Тут были подписи людей, служивших тридцать лет и более, людей, чьих детей я воспитывал, чьих жен за свой счет отправлял в Тамбов на операции. На первом месте стояла подпись нашего машиниста Матвея Яковлевича Маслова. Вдовец, он только за три месяца перед тем женился на престарелой уже экономке нашей Марии Гавриловне. Свадьбу праздновали у нас на балконе «молочного дома», племянницы готовили приданое, одевали и причесывали «молодую»… Когда я в этой конфликтной комиссии сидел, давал свои объяснения по какому-то другому делу, вдруг увидал в дверях лицо бывшего истопника нашего Федора. Отец многочисленного семейства, без жены; я его устроил, дал жилье, корову. Заметив меня, он только глянул и пропал. Я окликнул: «Федор!» Он вернулся.
– Ты тоже подавал на меня?
– Да ведь там другие заведовали…
– Да ты только скажи, мне интересно знать, ты подписал или не подписал?
– Так ведь я что же… разве я…
– Подписал или не подписал?
– Подписал.
Я кивнул головой.
Так вот, интересно было, что меня на это дело в комиссию даже не вызывали, но случайно я оказался там, когда пришли несколько человек из подписавших. Я оказался случайным свидетелем того, как председатель – большевик пробирал их: «Вы получили за два месяца вперед, и вы имеете нахальство приставать к бывшему хозяину, требовать еще?» Странные бывали положения в тогдашние времена. Вдруг этот большевик, которому поручено разбирать недоразумения рабочих с хозяевами, говорит мне, хозяину, князю, владельцу: «Ах, как тяжело с этими людьми! Поверите, иной раз страшно становится, что окно во втором этаже: того и гляди выкинут в окно»…
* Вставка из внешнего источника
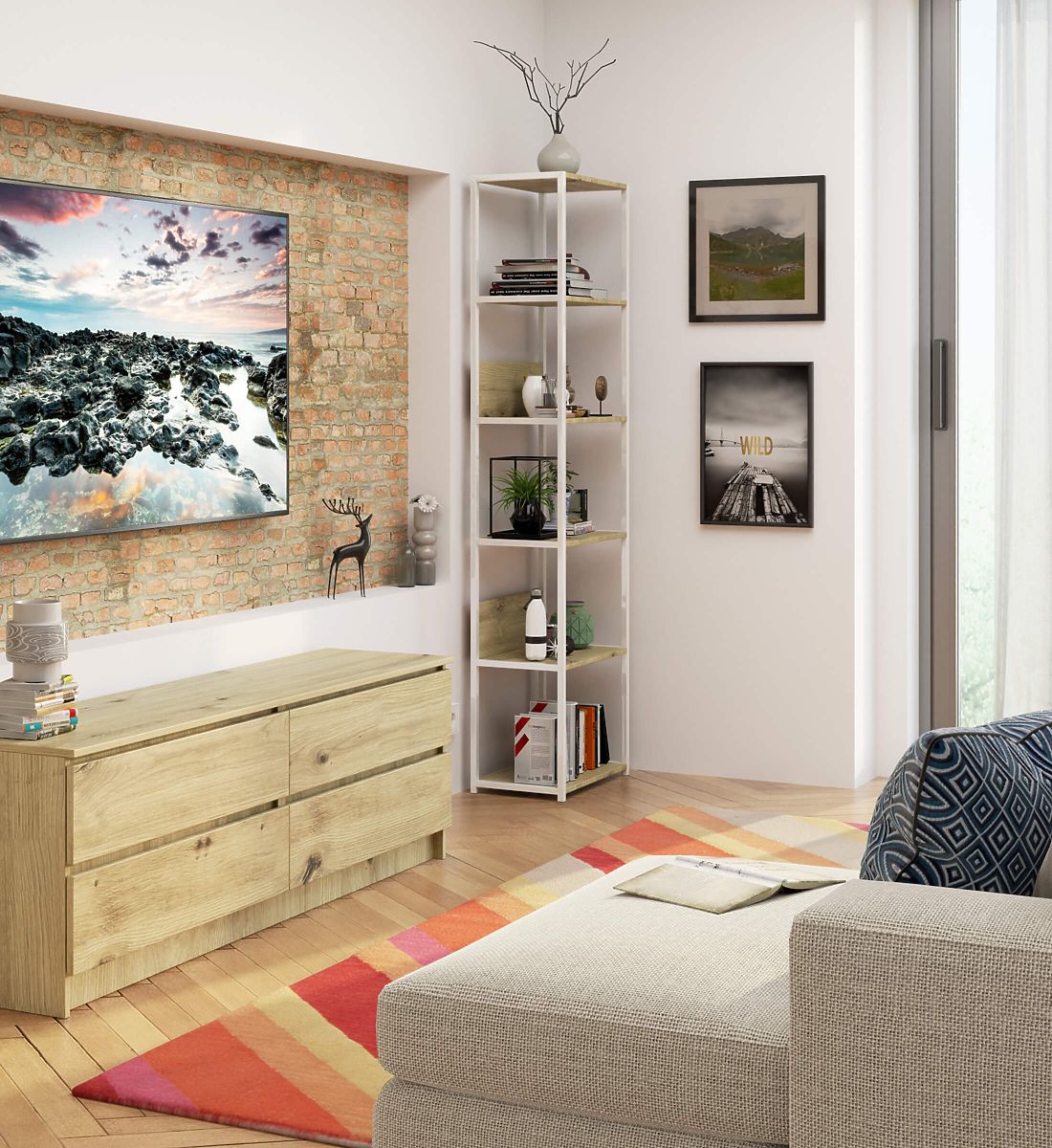 Metalni loft regal je praktičan i moderan komad namještaja koji se uklapa kako u dnevni boravak, tako i u ured. Regal s bijelim metalnim okvirom i 6 polica u boji Hrast Artisan. Police regala izrađene su od laminirane ploče debljine 16 mm. To je izdržljiv i otporan materijal koji se odlikuje visokom otpornošću na habanje. Rubovi su dodatno zaštićeni ABS rubom, zahvaljujući čemu će namještaj i dalje izgledati dobro, čak i pri vrlo intenzivnoj svakodnevnoj upotrebi. Regal je opremljen s 6 polica na koje se mogu postaviti predmeti koje želimo izložiti ili imati jednostavno pri ruci. Ukupno djeluje vrlo stilski i moderno.
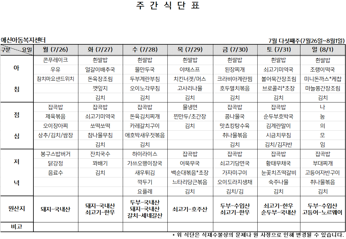 '[애신소식] > 주간식단표' 카테고리의 다른 글

Я должен в интересах истины упомянуть, что из всех моих многочисленных служащих только двое не подписали заявления: наш старый кучер Сергей и старый, лет сорок прослуживший кузнец Семен Васильевич Чивилев. Настроение служащих мне было понятно в той степени, в какой оно было вызвано стремлением к лучшему, по пословице «рыба ищет, где глубже». Им так напели; естественно было им ждать рая земного и потому бросать интересы хозяина на произвол судьбы и примыкать к тем, от кого исходили обещания, и даже пользоваться возможностью в последнюю минуту развала хватать что попадется под руку. Но поскольку в их настроении выражалось желание содрать с бывшего хозяина, привлечь его к какой-то ответственности, я их не могу понять. Всю жизнь они получали, принимали, и вдруг с того же человека теперь хотят содрать, от которого прежде принимали. Они не были извергами, они были самыми обыкновенными представителями нравственной серости, способные даже и на добрые чувства; но тут сразу выступило то, что в них было звериного.
Редко, как именно в этом, я ощутил беспощадность того рубежа, через который большевики заставили перешагнуть: ни малейшей, даже самой тонкой связи с тем, что удерживало человеческую совесть. Люди перешагнули и почувствовали освобождающее блаженство безответственности. Говорят: «изменились». Нет, значит, и были плохи. Я совершенно убедился в том, что в смысле нравственной сортировки людей большевизм оказал услугу: кто был плох, стал хуже, кто был хорош, стал лучше. Теперь все наружу, прикидываться уже ни к чему: лицемерие не нужно, а цинизм даже вознаграждается…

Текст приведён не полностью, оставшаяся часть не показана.